# Write your full name here
# Assignment 1: MapReduce - Blog Posts and Comments

## Input file description

You are given the `comments.csv` input file. It is a Comma Separated Values (CSV) file that stores comment relationships. More specifically, the file includes 1 million rows and each row stores a tuple of the form:

`PostAuthor,CommentAuthor,CommentDate`

The tuple contains three fields (columns):

* `PostAuthor`: this is a blog user who authored a blog post.
* `CommentAuthor`: this is another user who has commented on the post of the PostAuthor.
* `CommentDate`: this field stores the date that the comment was made.


## Tasks

You will write 3 MapReduce jobs **here** by using MRJob:

* The first job will scan the input file and for each `PostAuthor` it will construct a tuple that contains:
 - The number of comments made to *all* of his/her posts, and
 - A list of the comments in the form `(CommentAuthor,CommentDate)`. The list must be sorted in decreasing `CommentDate` order. Namely, the most recent comment must be placed at the top, followed by the older ones.
 - Example output: `PostAuthor NumberofComments [(Commentator,Date)(Commentator,Date)(Commentator,Date)()...]`

* The second job will scan the input file and for each `PostAuthor` it will construct a tuple that contains:
 - The number of the *distinct* commentators who made a comment to *all* of his/her posts, and
 - A list of the commentators in the form `[(DistinctCommentator1)(DistinctCommentator2)...]`
 - Example output: `PostAuthor NumberofDistrinctCommentators [(DistinctCommentator1)(DistinctCommentator2)...]`
 - Use a combiner here.

* The third job will scan the input file and for each `CommentAuthor` it will construct a tuple that contains:
 - The number of comments that `CommentAuthor` has made to *all* posts, and
 - A list of the comments in the form `(PostAuthor,CommentDate)`. The list must be sorted in decreasing `CommentDate` order. Namely, the most recent comment must be placed at the top, followed by the older ones.
 - Example output: `CommentAuthor NumberofComments [(PostAuthor,Date)(PostAuthor,Date)(PostAuthor,Date)()...]`


## Deliverables

**There will be a single deliverable, this notebook**. You will organize your answers according to the provided structure, which is identical to the example notebooks that were uploaded to the e-learning platform. **Please write your full name in both the notebook's filename and the notebook's title (first line of first cell)**.

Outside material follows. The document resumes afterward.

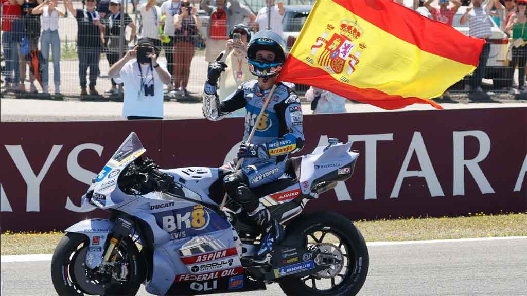 El podio lo completó el italiano Enea Bastianini (KTM), después de resistir la presión en un circuito que exigió máxima concentración por el bajo agarre del asfalto tras la lluvia nocturna.

Then, upload the file in the e-learning platform.


## Answer to task 1

### 1.1 Python code for MapReduce

In [1]:
%%file task1.py
#!/usr/bin/env python3

from mrjob.job import MRJob
from mrjob.step import MRStep
import csv
from datetime import datetime

class PostAuthorComments(MRJob):

    def mapper(self, _, line):
        # Use csv library to correctly parse CSV lines, even if there are commas within fields
        reader = csv.reader([line])
        for row in reader:
            post_author, comment_author, comment_date = row
            yield post_author, (comment_author, comment_date)

    def reducer(self, key, values):
        # Sort comments by date descending and count them
        sorted_values = sorted(values, key=lambda x: datetime.strptime(x[1], '%Y-%m-%d'), reverse=True)
        num_comments = len(sorted_values)
        yield key, (num_comments, list(sorted_values))

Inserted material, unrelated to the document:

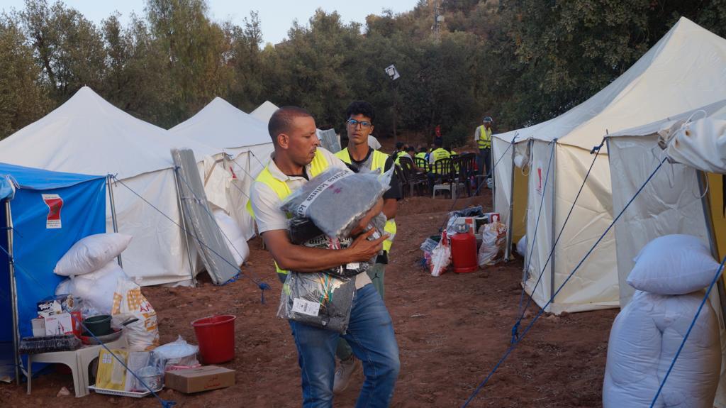 بدأ المتطوعون بمعية بعض الشباب من المنطقة ينصبون الخيام بطريقة بديعة و يجهزونها بكل المستلزمات المذكورة أعلاه، ليبدأ بعد ذلك توزيع الخيام على الأسر، و في حديثنا مع السيد محمد الدقاق رئيس الجمعية و المشرف على القافلة أكد أن عملية دعم و مساعدات الأسر المنكوبة لازالت مستمرة حيث قال:” لقد بلغنا الأهداف التي سطرناها منذ الإعلان عن زلزال الحوز حيث نصبنا لحد الساعة ما يزيد عن 600 خيمة بـ 19 مخيما تتوزع على كل المناطق المنكوبة بإقليم الحوز للاستفادة من هذه المبادرة الإنسانية .”

if __name__ == '__main__':
    PostAuthorComments.run()



Writing task1.py


### 1.2 Standalone execution

In [None]:
!python task1.py comments.csv > output1.csv

### 1.3 Running in the Hadoop cluster in a fully/pseudo distributed mode

In [None]:
!python task1.py -r hadoop hdfs:///path/to/comments.csv > output1.csv

### 1.4. Copy the output file from HDFS to the local file system

In [None]:
!hdfs dfs -get /path/to/hadoop/output/part-00000 output1.csv

## Answer to task 2

### 2.1 Python code for MapReduce

In [None]:
%%file task2.py
#!/usr/bin/env python3

from mrjob.job import MRJob
from mrjob.step import MRStep

class DistinctCommentAuthors(MRJob):

    def steps(self):
        return [
            MRStep(mapper=self.mapper_get_authors,
                   combiner=self.combiner_unique_authors,
                   reducer=self.reducer_count_unique_authors)
        ]

    def mapper_get_authors(self, _, line):
        try:
            post_author, comment_author, _ = line.split(',')
            yield post_author, comment_author
        except ValueError:
            pass

    def combiner_unique_authors(self, post_author, comment_authors):
        unique_authors = set(comment_authors)  # Remove duplicates in the combiner
        for author in unique_authors:
            yield post_author, author

    def reducer_count_unique_authors(self, post_author, unique_authors):
        unique_set = set(unique_authors)
        yield post_author, len(unique_set)

if __name__ == '__main__':
    DistinctCommentAuthors.run()


### 2.2 Standalone execution

In [None]:
!python task2.py comments.csv > output2.csv

### 2.3 Running in the Hadoop cluster in a fully/pseudo distributed mode

In [None]:
!python task2.py -r hadoop hdfs:///path/to/comments.csv > output2.csv

### 2.4. Copy the output file from HDFS to the local file system

In [None]:
!hdfs dfs -get /path/to/hadoop/output/part-00000 output2.csv

## Answer to task 3

### 3.1 Python code for MapReduce

In [None]:
%%file task3.py
#!/usr/bin/env python3

from mrjob.job import MRJob
from mrjob.step import MRStep
import csv
from datetime import datetime

class CommentAuthorDetails(MRJob):

    def steps(self):
        return [
            MRStep(mapper=self.mapper_get_posts,
                   reducer=self.reducer_list_posts)
        ]

    def mapper_get_posts(self, _, line):
        try:
            post_author, comment_author, comment_date = line.split(',')
            yield comment_author, (post_author, comment_date)
        except ValueError:
            pass

    def reducer_list_posts(self, key, values):
        posts_list = list(values)
        posts_list.sort(key=lambda post: datetime.strptime(post[1], '%Y-%m-%d'), reverse=True)
        yield key, (len(posts_list), posts_list)

if __name__ == '__main__':
    CommentAuthorDetails.run()


### 3.2 Standalone execution

In [None]:
!python task3.py comments.csv > output3.csv

### 3.3 Running in the Hadoop cluster in a fully/pseudo distributed mode

In [None]:
!python task3.py -r hadoop hdfs:///path/to/comments.csv > output3.csv

### 3.4. Copy the output file from HDFS to the local file system

In [None]:
!hdfs dfs -get /path/to/hadoop/output/part-00000 output3.csv